作成日:2022.6.21 / 最終更新日:2022.6.21

ご覧頂きありがとうございます。

私たちのいる尾州産地は現在1年間で最も忙しい 最盛期 を迎えています。

ウールの産地なのでもともと秋冬物を得意としており、その年の秋冬の店頭に並ぶ服の生地は

4月から5月に生産が始まり、6月から8月お盆休み前に出荷、というケースが大半を占めます。

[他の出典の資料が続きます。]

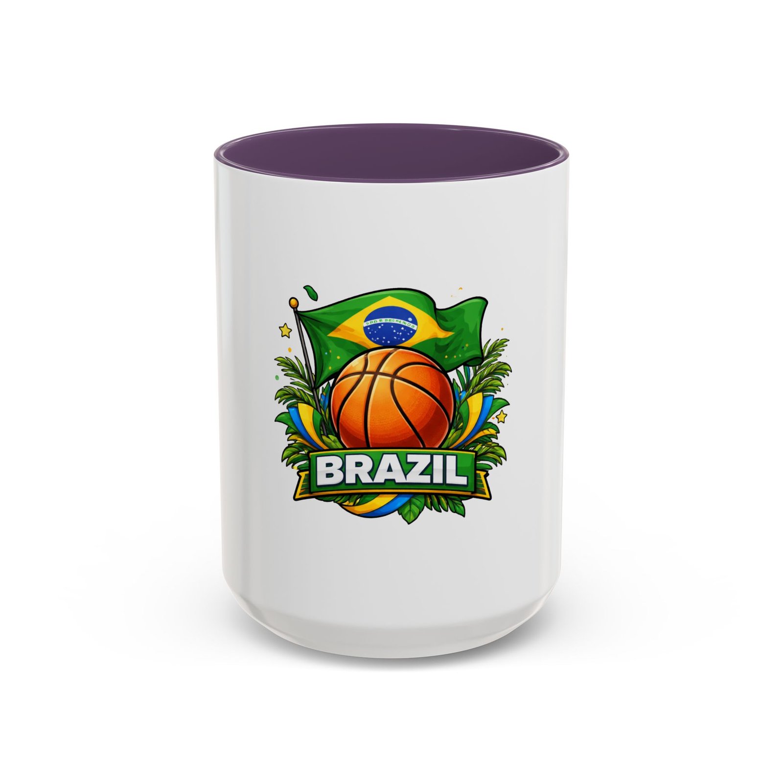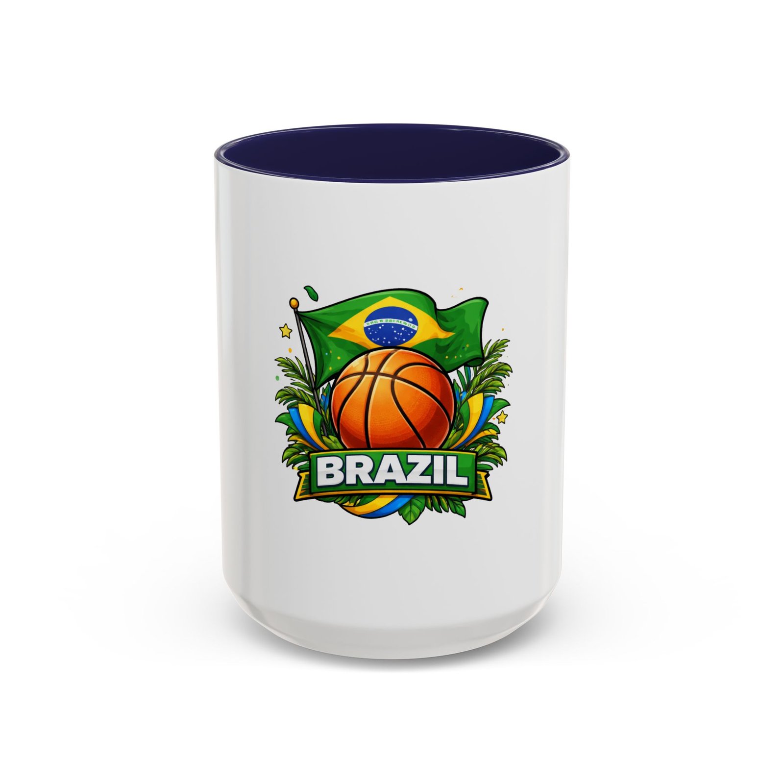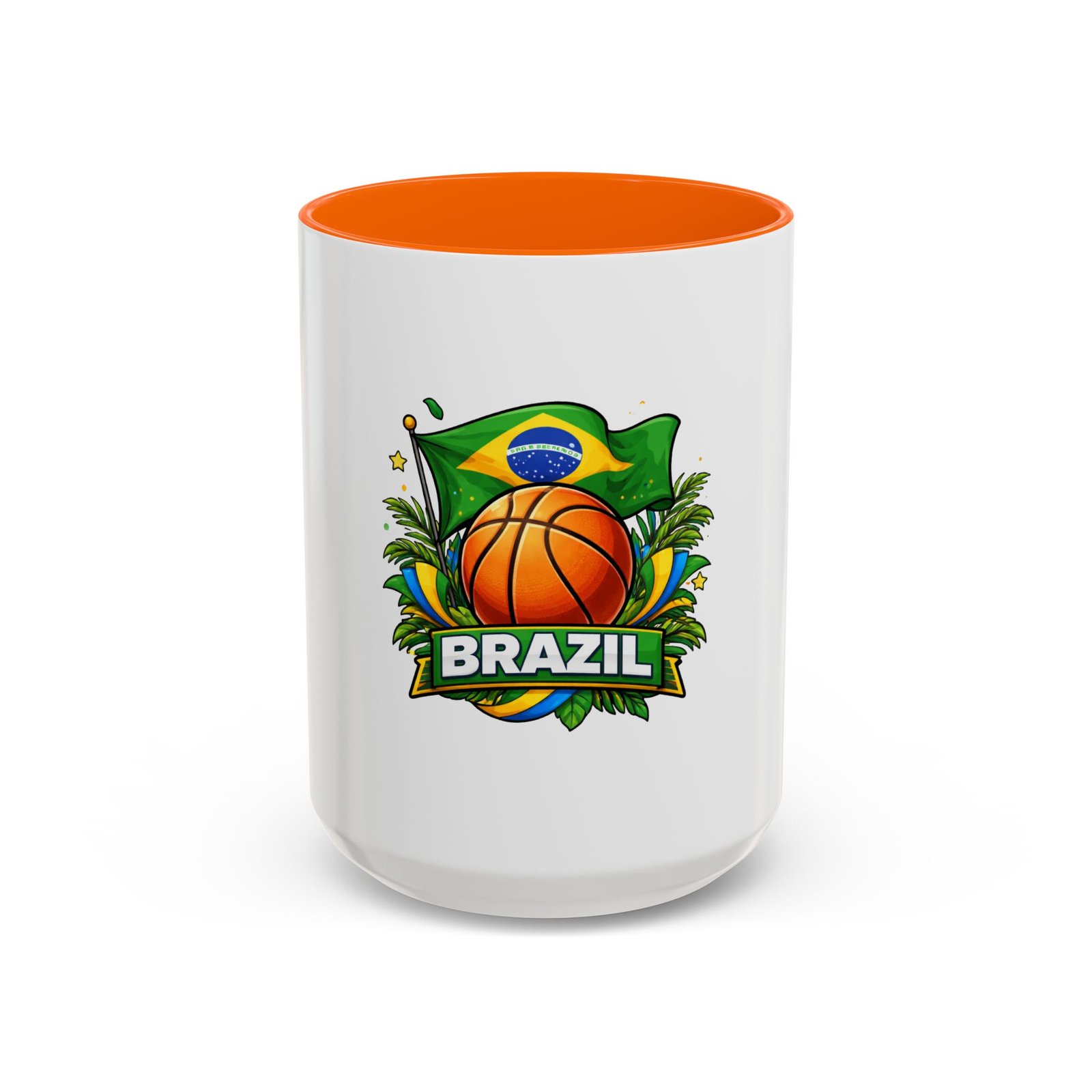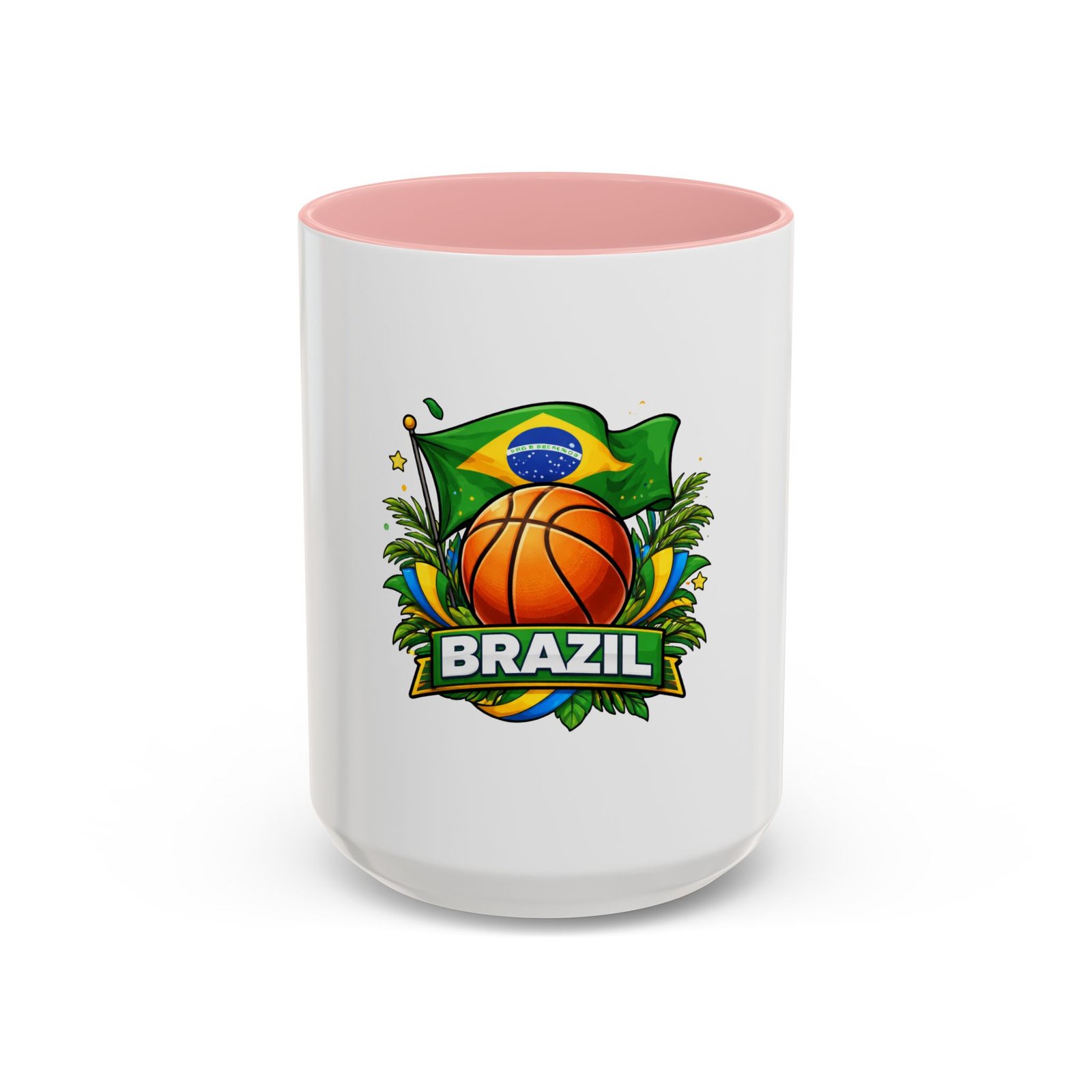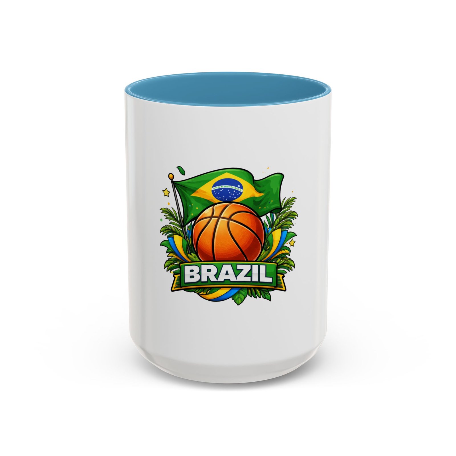 This ceramic accent mug brings Brazil’s vibrant energy to every sip. A bold basketball graphic sits beneath the waving Brazilian flag, framed by tropical leaves and sunlit accents — it feels like a quick trip courtside under warm skies. The colored interior and handle add a playful contrast to the glossy white body, making each morning coffee or late-night cocoa feel celebratory. Durable and bright, it settles easily into the routine of fans who love sport, travel, and lively design. Pack it for game-night gatherings or leave it on a desk where it can spark conversations and small moments of pride.

ところが一昨年、昨年はコロナの猛威により受注が激減、工場の稼働は火、水、木曜の3日間だけ!

なんて所も多々あり苦しい状況が続きました。

そんな尾州でしたがおかげさまで今年は受注も戻りつつあり、現在生産の真っ只中、土曜日も稼働

など久々の忙しさを取り戻しています。

今週は生産工程別に尾州の今!がわかる現状レポートをお届けしたいと思います。

尾州レポート① 原料(糸)

織物やニットの原料である糸背景はこれまでに

ない厳しい状況です。国内生産をやめ、ほとんど

を海外生産に移してしまったことの問題点が、

コロナ禍、ウクライナの戦争で露わになって

います。

<梳毛、合繊糸>

梳毛(ウールの細番手の糸)、最近の尾州の主力であるポリエステルとレーヨンの混紡糸などの

合繊糸は、海外生産が90%以上で中国やインドなどから調達しています。よって生産国および

流通ルート国のロックダウンなどの影響をもろに受け、手配はしているものの糸が入ってこない

状況が続いています。2-3月頃の先行き不透明さは脱していますが、特に梳毛は不足状態が続く

見込みです。

<紡毛糸>

紡毛糸(ウールの太番手の糸)は国内生産比率が高いのですが、糸の原料となるウールの綿(ワタ)は

輸入によるもので、海外情勢の影響を受けています。そしてウールの綿(ワタ)が調達できていたと

しても、糸にする紡績 が激減しており 紡績待ち の状態が続いています。現在発注した場合、ワタ

があっても糸になるのは8月以降、とも言われています。

尾州レポート② 糸染

糸染工場の状況は、大きな染色機は比較的空いて

いる所もありますが、小ロットの染色機は大変

込み合っています。

小ロットで何色も必要とするチェック柄などの

生産は要注意です。

メンズ生地の縮小、引き付けの生産など全体的に

以前より細かいロットでの生産を繰り返すように

なっていることも要因のひとつです。

尾州レポート③ 撚糸

3月-4月は撚糸工場が満杯で、撚糸にとても

時間がかかっていましたが、現在は撚糸スペース

を拡張された所もあり、込み具合は比較的緩和

されています。

特殊撚糸ものは工場も少なく、かわらず時間が

かかっています。

尾州レポート④ 織・編機

織の機場は、3月より込み始め、7月末頃まで

受注で埋まっているところが多いです。

特に組織ものが織れるドビー織機など特殊な織機

ほどスケジュールが埋まっています。

編機の方も人気の編機は集中しており、8月まで

受注で埋まっている機械もあります。

織、編ともに、そもそも機械に乗るまでの糸準備

が予定通りにすべてできるか、ということも

納期に差が出る大きなポイントとなっています。

尾州レポート⑤ 整理

整理工場だけではありませんが、コロナ禍中に

機械の入れ替え、工程、作業の効率化、スケール

ダウンなど様々な改革が行われました。

環境に優しくエネルギー効率の良い設備でパワー

アップした部分もありますが、統合や縮小による

生産能力と労力の不足が課題となり、4月から

込み合い、7月は大変な込み様になることが

懸念されています。

<後染>

コート地、ニットなど4月から込みあっているところもありますが、国内生産生機も遅れ気味、かつ

海外生機の入荷が遅れていることで、現在よりも今後の込み具合が危惧されています。

縮絨、起毛など工程の長い物は特に注意が必要です。

<先染>

3月末から込み始め4月以降は海外輸出が始まり、すでに8月お盆休みまで受注で埋まっています。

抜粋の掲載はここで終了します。